The bricks-and-mortar Fairview Heights Planned Parenthood clinic is located just across the state line from St. Louis, Missouri. It opened in 2019 as Missouri began narrowing abortion options. The state had one of the most restrictive abortion laws in the country before the Supreme Court’s decision this summer in Dobbs v. Jackson Women’s Health Organization.

Women and girls in Missouri can also get abortion services at Hope Clinic for Women in Granite City, Illinois, also located just across the state line from St. Louis.

Planned Parenthood, which expects about 14,000 out-of-state patients a year will visit its mobile clinic once it is in operation, could offer more mobile units in the future, depending on the success of the concept.

Nationwide, abortion rights activists are mobilizing to overcome laws in about half of U.S. states that either outright ban or make it nearly impossible for women and girls to get abortions.
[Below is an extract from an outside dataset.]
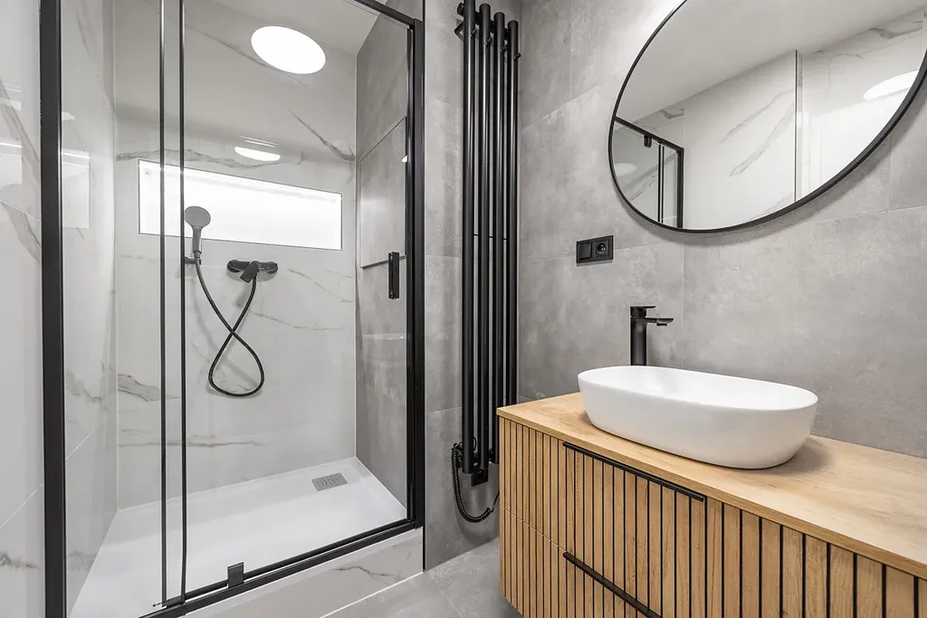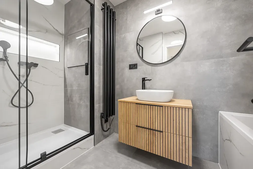 - nová sanita (vana, sprcha, umyvadlo, skříňka, toaleta)

“We are all trying to work together to meet the exponential increase in the number of patients that are traveling from banned states to what we’re calling ‘haven states’ for abortion care,” Rodriguez told NPR. “It’s an all-hands-on-deck moment.”

Another organization, Just the Pill, headquartered in St. Paul, Minnesota, where abortion laws remain unchanged after the Dobbs decision, also plans to offer mobile clinic-based services to patients in Midwest and Western states.
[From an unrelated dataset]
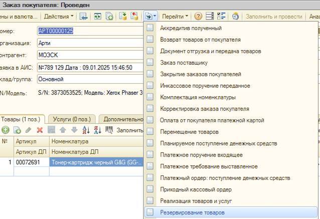 - Вся номенклатура в заказе покупателя содержит признак «Проверенная позиция»;
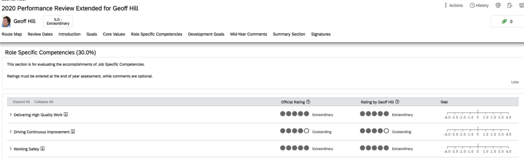 The attributes required by the position’s role are grouped into two sections: “matched” and “unmatched”. The grouping is ased on whether the suggested successor’s current ratings meet the expected ratings of these attributes.

Just the Pill is considering a range of options to offer mobile abortion services, Dr. Julie Amaon, a family practitioner who works with the organization, told Ms. Magazine.

Among the questions the organization has posed is whether a riverboat launched from a legal state such as Minnesota or Illinois could go to the federal waters of the Gulf of Mexico to open access in Southern states.

“We’re trying to think of all the things that we can do to open up access for people,” Amaon told Ms.